2. Drive slowly, with the other slow motorbikes on the road, until you feel really comfortable with your bike and are confident you will not come off it if someone bumps you, or you hit a hole in the road.

3. Watch other motorbikes and cars very carefully. Drivers in Thailand, like the rest of the world, are frequently distracted and not paying attention to you.

4. Expect the unexpected. Don't assume that a driver will react the way drivers from your home town will drive. You should always expect the other driver to do something unexpected and risk putting you in harm's way.

5. Be careful of dogs. If you hit a dog, most likely you will fall. Dogs never react the way you think they will.

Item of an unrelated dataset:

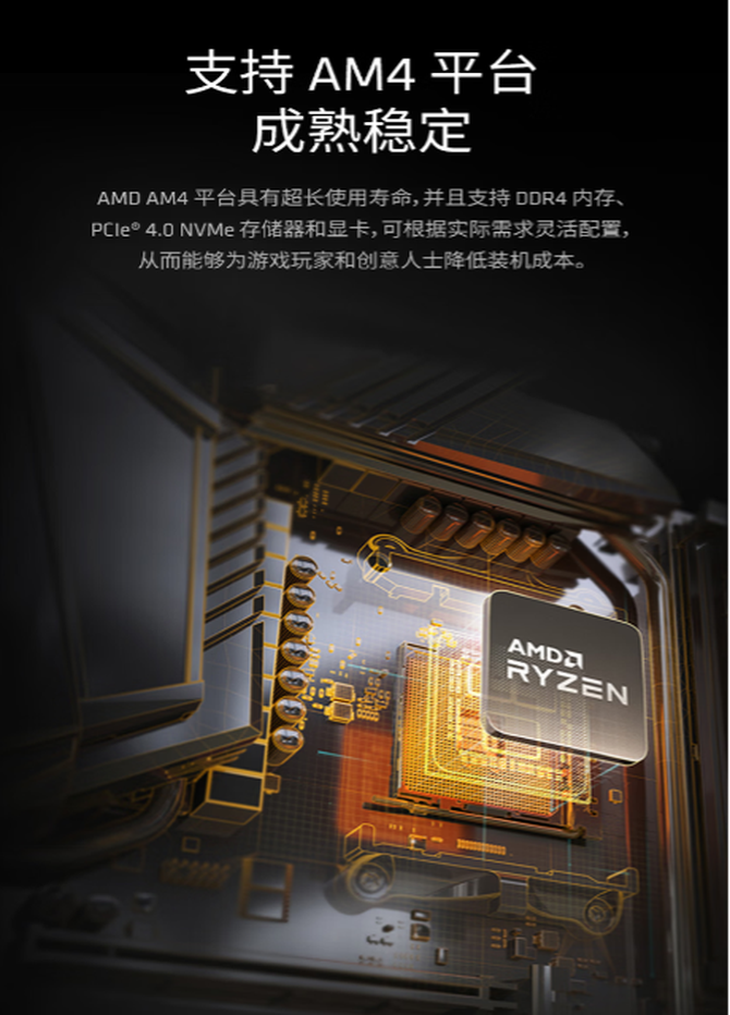 AMD 锐龙5 5500X3D处理器在游戏方面拥有优秀的表现,在各种热门竞技网游和3A大作中表现都十分强劲,而且在游戏时不仅温度低功耗更低,让大家长时间游戏也不会有任何使用负担。锐龙5 5500X3D处理器适用于AM4插槽,所以即使是用X570/B550/A520等主流AM4主板的游戏玩家依然可以直接购买处理器进行升级,同时支持DDR4-3200内存与PCIe 4.0固态硬盘,无需更换平台即可实现性能跃升。

6. Yield. Even if you think you are in the right, always yield to fast moving vehicles, especially trucks.

7. Be careful of hot exhaust pipes. Parking motorbikes side by side is a common practice. If you park next to another bike be careful when dismounting. If you touch a hot exhaust pipe with your exposed leg you'll get branded. If you look at peoples outside calf as you are walking about you will notice many fresh burns and old scars from people coming in contact with a hot exhaust pipe. Your motorbike's exhaust pipe will probably be hotter than the one next to you.

Following these tips and using your common sense can save you from an expensive trip to the hospital or worse. However, everyone I know drives a motorbike and likes it. Even people who've been in altercations get back on and ride again. Don't let fear stop you from seeing the great sights and bartering for great bargains in Amazing Thailand.